Exercise: Give the lines again exactly as they appear below, from the line with "本届大赛自3月启航,吸引了全" to the line with "La Ville Collection", both included, and only those lines. Leave every picture out.

Dataset excerpts:

##########

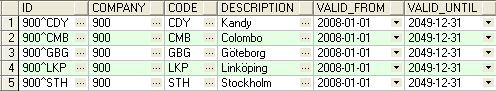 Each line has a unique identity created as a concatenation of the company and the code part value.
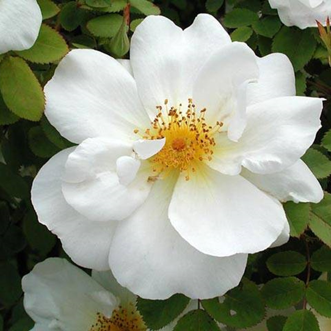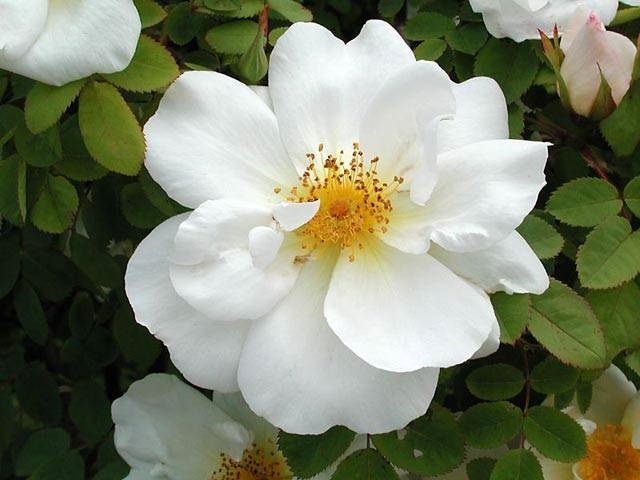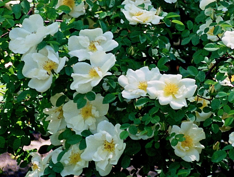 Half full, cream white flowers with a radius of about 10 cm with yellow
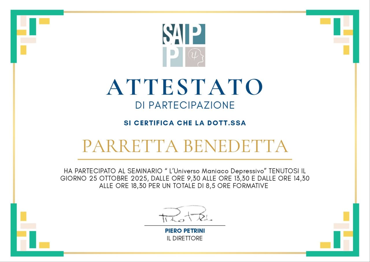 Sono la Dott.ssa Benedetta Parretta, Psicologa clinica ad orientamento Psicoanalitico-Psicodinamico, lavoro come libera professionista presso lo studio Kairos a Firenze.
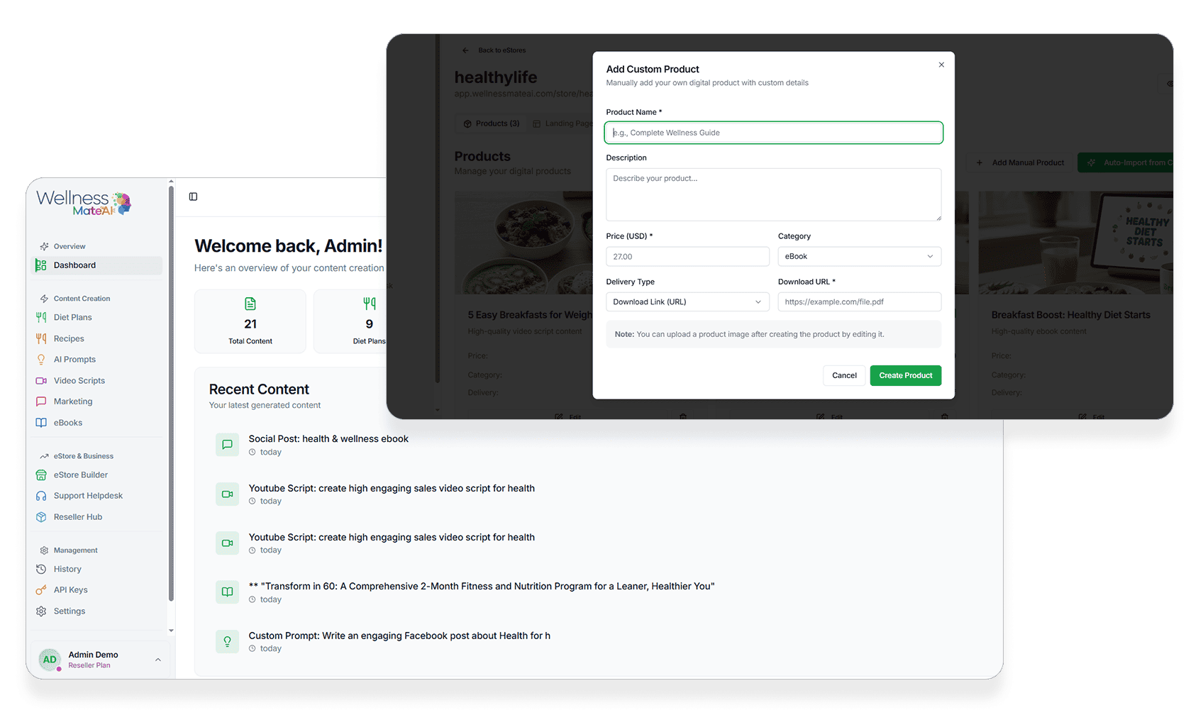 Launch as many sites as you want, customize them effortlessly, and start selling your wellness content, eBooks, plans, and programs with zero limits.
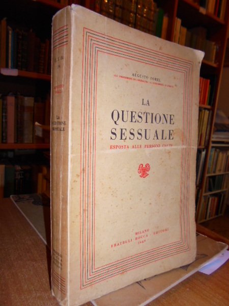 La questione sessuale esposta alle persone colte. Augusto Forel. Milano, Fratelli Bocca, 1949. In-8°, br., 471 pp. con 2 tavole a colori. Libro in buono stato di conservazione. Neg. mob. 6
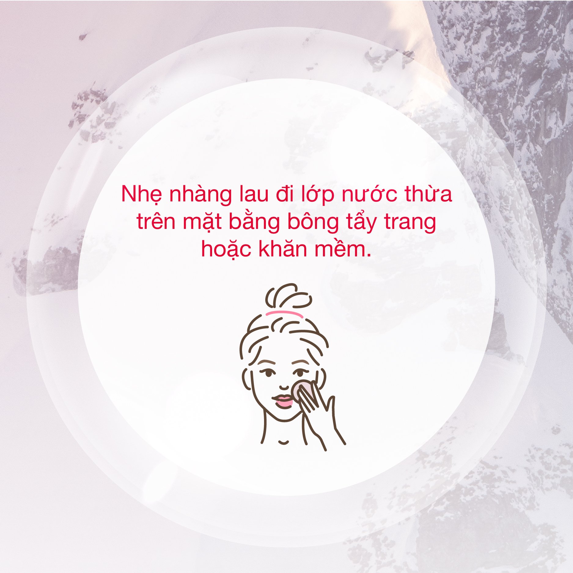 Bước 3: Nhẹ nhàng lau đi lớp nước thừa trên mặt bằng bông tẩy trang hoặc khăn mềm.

##########

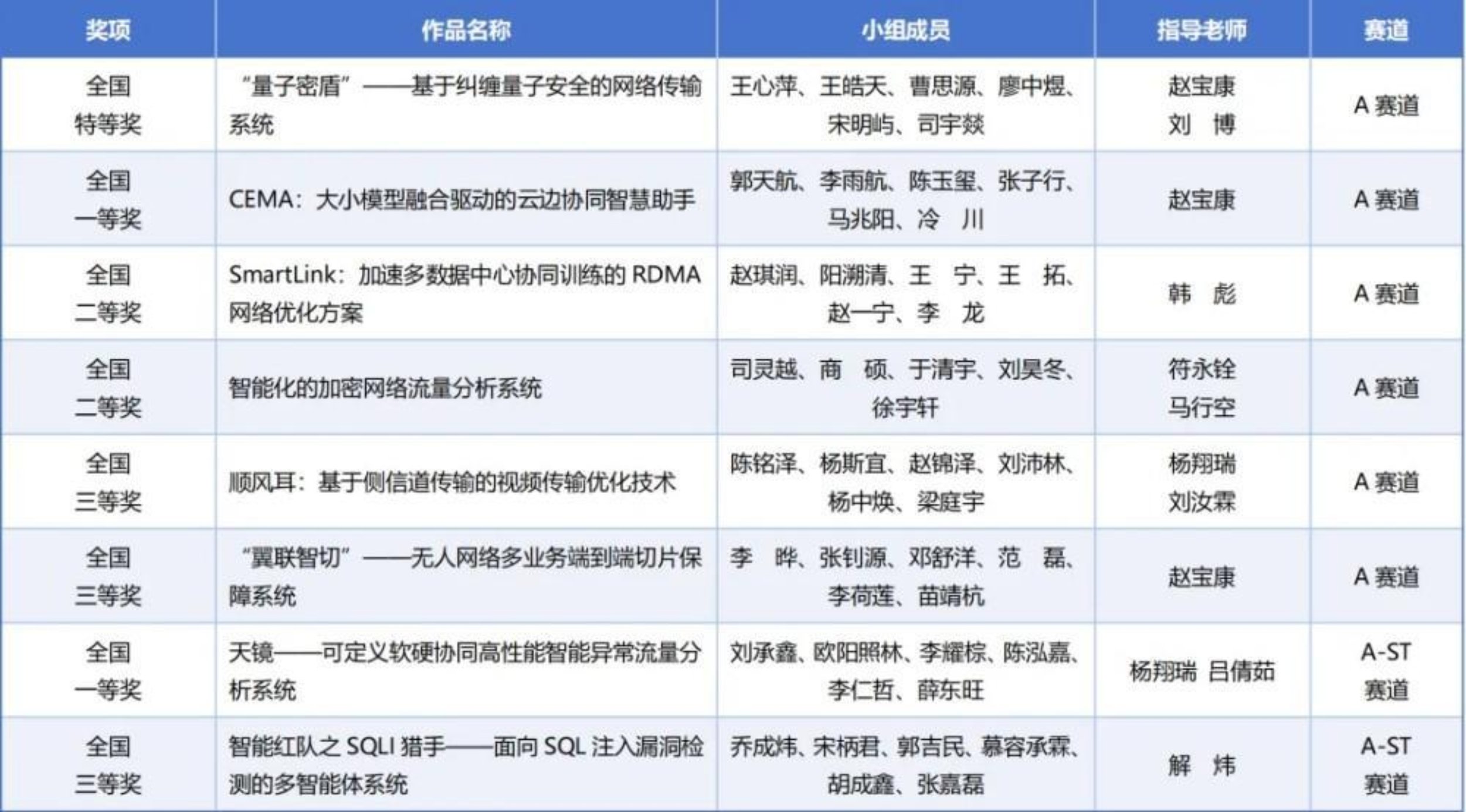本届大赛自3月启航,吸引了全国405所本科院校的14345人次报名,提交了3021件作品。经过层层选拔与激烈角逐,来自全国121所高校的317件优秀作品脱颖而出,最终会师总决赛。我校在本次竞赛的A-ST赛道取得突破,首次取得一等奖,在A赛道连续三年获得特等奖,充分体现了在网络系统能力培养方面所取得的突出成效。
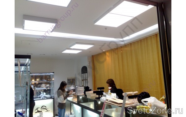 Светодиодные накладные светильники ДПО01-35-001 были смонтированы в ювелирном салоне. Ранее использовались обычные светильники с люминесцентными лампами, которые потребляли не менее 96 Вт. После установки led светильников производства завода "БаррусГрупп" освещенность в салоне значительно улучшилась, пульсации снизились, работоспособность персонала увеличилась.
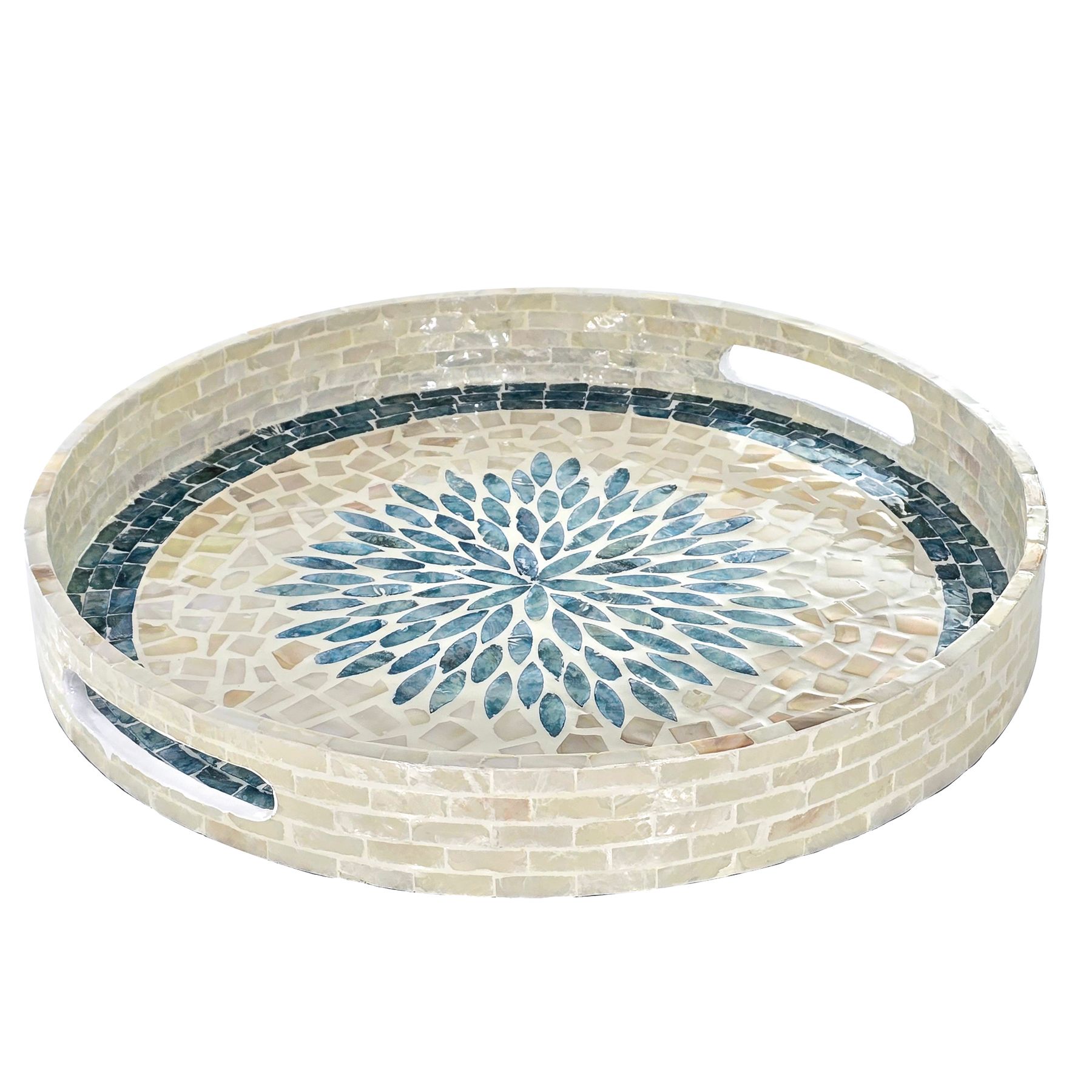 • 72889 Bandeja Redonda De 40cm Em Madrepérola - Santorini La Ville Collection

##########

Your solution:
本届大赛自3月启航,吸引了全国405所本科院校的14345人次报名,提交了3021件作品。经过层层选拔与激烈角逐,来自全国121所高校的317件优秀作品脱颖而出,最终会师总决赛。我校在本次竞赛的A-ST赛道取得突破,首次取得一等奖,在A赛道连续三年获得特等奖,充分体现了在网络系统能力培养方面所取得的突出成效。
 Светодиодные накладные светильники ДПО01-35-001 были смонтированы в ювелирном салоне. Ранее использовались обычные светильники с люминесцентными лампами, которые потребляли не менее 96 Вт. После установки led светильников производства завода "БаррусГрупп" освещенность в салоне значительно улучшилась, пульсации снизились, работоспособность персонала увеличилась.
 • 72889 Bandeja Redonda De 40cm Em Madrepérola - Santorini La Ville Collection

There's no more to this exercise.